Thoughts from Week 1 in Phnom Penh
June 21, 2009
As usual, I’ll be writing about my summer in Phnom Penh. Thanks for reading my thoughts and I hope they inspire you to express yours as well.
June 18, 2009
7:02am
There’s one moment I savor more than any other when coming to Cambodia – or any new place for that matter, and that’s the first sniff when the airplane cabin doors are open and you step down onto the tarmac. It lasts but a few seconds – your nose flooded with the scent of a place you haven’t been able to relish in a while. Cambodia smells like sweat, and fish – its pungency strong like the aromatic fissure at the epicenter of the wet market. It certainly is not the most pleasing of fragrances I know, but there is no other smell that embraces you and welcomes you quite like this one.
2:34pm
I have been studying for 5 hours! It hurts my head but I am reading history and writing essays IN KHMER!!!
June 21, 2009
3:18pm
This expat lifestyle is glamorous and comfortable but I am thankful that it is temporary. For the last three years my sole interaction with Phnom Penh has been on the Global Urban Trek, where the goal is to facilitate a trajectory for US college students to come to love and learn from the third world urban poor. My job was to organize month-long home stays in urban poor communities and lead them in working alongside community organizations that take a holistic approach to development – all under the umbrella of understanding God’s love for justice and the poor. It was intense, and real, and right.

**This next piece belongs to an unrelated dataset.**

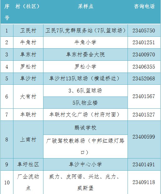 阜沙镇核酸采样点分布一览表

This is not the Trek. We live in a nicely furnished flat in Boeng Kang Kong (expat central). How I know it’s a world of difference from most of the people in Phnom Penh is not the fact there is a 24-hour guard at the gate, or even that there is wifi in our apartment, but that there is drywall in our apartment! Drywall! In Cambodia! Where you sweat taking a shower! I’ve only lived in wooden (and sometimes tiled) homes in Cambodia. This drywall is livin’ large indeed.
More so than the living situation, it’s the type of people I’m identifying with. We get shuttled to the Royal University in a nice Benz van, and shuttled wherever we want to go. We go out at night dancing on floating pontoons, drinking watered down cocktails that costs a day-laborers average wage. I’m not living with a poor family and eating what they eat or following their pace of life; I’ve just adapted my American pace for hotter weather. Because of where we live and what we do, the type of people I interact with are completely different from what I am used to. The poor are not my neighbors – they are the ones rapping on our car windows, the ones asking for 1000riel between the bars we hop to and from. They are statistics we read about and discuss in Khmer class, and no longer the faces we see everyday. They are the peddlers and street vendors I don’t have to frequent because I’m not on a tight budget. This distance is the starkest contrast in Trek vs. Expat and it is disturbing to think that had I not Trekked for the last three years, I would have come to think that Phnom Penh was all nightclubs with exotic names and orphanages with desperate ones.
Thank you, Luke 4/Isaiah 58 & 61, for teaching me where our hearts should be.